Greek operating systems

Kragen Javier Sitaker, 02021-06-04 (updated 02021-06-12) (4 minutes)

Because it’s the most common masculine singular nominative suffix, Greek is full of nouns and adjectives that end in “-os” (“-ος”), including many people’s names, although in many cases English got them by way of Latin, which usually substituted its own masculine singular nominative suffix, “-us”. And there’s also an “-ιος” suffix (I think that’s the singular genitive of the same declension?) which gives us names like “Apollonios” and “Dionysios” and Hephaestus's epithet “Aitnaios”, as well as highly productive suffixes like “-ασσος”, for places, and “-ισμος”, for procedures or beliefs. Of course, to a programmer, the “-os” suffix sounds like an operating system, like MacOS, AmigaOS, MS-DOS, RISC OS, iOS, IOS, BeOS, GEOS, GECOS, SunOS, Unicos, ReactOS, FreeDOS, TempleOS, KeyKOS, Palm OS, ChibiOS, and the like, and there is a long tradition of naming computer systems after figures from Greek mythology, such as Kerberos and Project Athena.

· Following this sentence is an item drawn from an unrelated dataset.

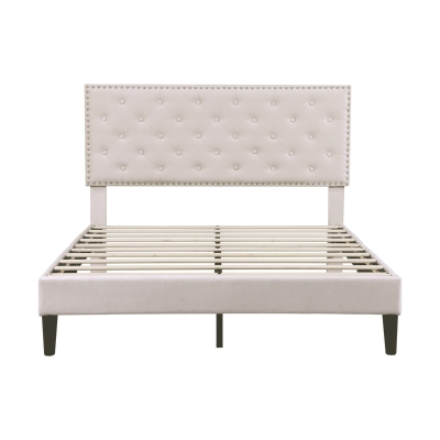 King Size LED Hydraulic Bed with Charging Station, Adjustable Tufted Headboard, Space-Saving Design for Bedroom, 206L x 151W x 105H cm, Beige

So multilingual puns seem to be called for.

This is not an entirely new idea; CDC named an OS “Kronos”, there was an MS-DOS alternative called “THEOS”, of course EROS, and there has probably been more than one OS called Cosmos, DEMOS/ДЕМОС, and at least three named Minos.

Adding to the potential for multilingual puns, masculine plurals of nouns and adjectives in Spanish and Portuguese also commonly end in “-os”, and “Unicos” and “AROS” are already Spanish (and Portuguese) words, meaning “only” and “rings/earrings” respectively; Liddell and Scott additionally define ἄρος as “use, profit, help”. Too bad it’s already taken!

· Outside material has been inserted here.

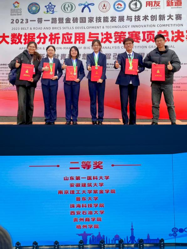 本网讯第七届一带一路暨金砖国家技能发展与技术创新大赛总决赛近日开幕,在大连财经大学举办的大数据分析应用与决策赛项中,beats365公管学院人力资源管理专业申博宇、王宇建、苗晨煜、赵铭洁等同学在与全国70余所高校代表队的激烈角逐中,取得全国第六名并荣获全国二等奖,指导老师贺小桐老师和赵斌斌老师荣获优秀指导教师称号。

But we could imagine, for example, the cult of HefaistOS AitnaiOS in LemnOS, OdysseOS, DionysOS and his thiasOS and SeilenOS drinking from a cantharOS, carrying a thyrsOS (with which fire was stolen) and suffering a sparagmOS, hermaphroditOS, FalOS, OceanOS, TyrnavOS, PriapOS, GlaucOS, LycurgOS, ScyrOS, KotylOS, AscOS, AryballOS, CyprOS, TheofrastOS, DiodorOS Siceliotes, HerodotOS, FlaviOS PorfyrogenitOS, HalicarnassOS, HomerOS, ChiOS, ChaOS, EustachiOS, DemetriOS, ParnassOS, PeisistratOS, SamOS, LogOS, StrategOS, HyperbolOS, PeloponnesOS, ArgOS Panoptes, HeliOS, Hermes TrismegistOS, AtreOS, Eos, OrpheOS, TartarOS, BriareOS, AnytOS, IapetOS, OlympOS, ApollodorOS, OuranOS, KratOS, TheOS ProterOS, FolOS, ThespiOS, ErymanthOS, PithOS, PylOS, KnossOS, AngelOS, TyphOS or TyphoiOS, AischylOS, PatroclOS, FaidrOS, OrthOS (which is “assholes” in Spanish, though misspelled), KadmOS, AigyptOS, NarkissOS, IkarOS, TalOS the gift of HefaistOS KholOS to MinOS, KokalOS who gave DaidalOS refuge in KamikOS from MinOS, PegasOS, OrfeOS, AisculapiOS, MinotaurOS, CetOS, AgriOS, EnkeladOS, HippolytOS, SisyphOS, NessOS the son of KentaurOS who slew Herakles the lover of IolaOS and slayer of AntaiOS, AkhaiOS, NostOS, LykourgOS the law-giver, LesbOS, BarbarOS (which in colloquial Argentine Spanish meaning “excellent”), DemosiOS (“public”, of the δημος), HeraklitOS, OstrakismOS, ByblOS, PapyrOS, BybliOS, DiOS (“of Zeus”), and so on.

Several other promising names turn out to not end in “-ος” in Greek: Prometheus and Theseus, for example.

Really, though, you can probably find a Greek name ending in “-ος” for any concept you care to name an OS after.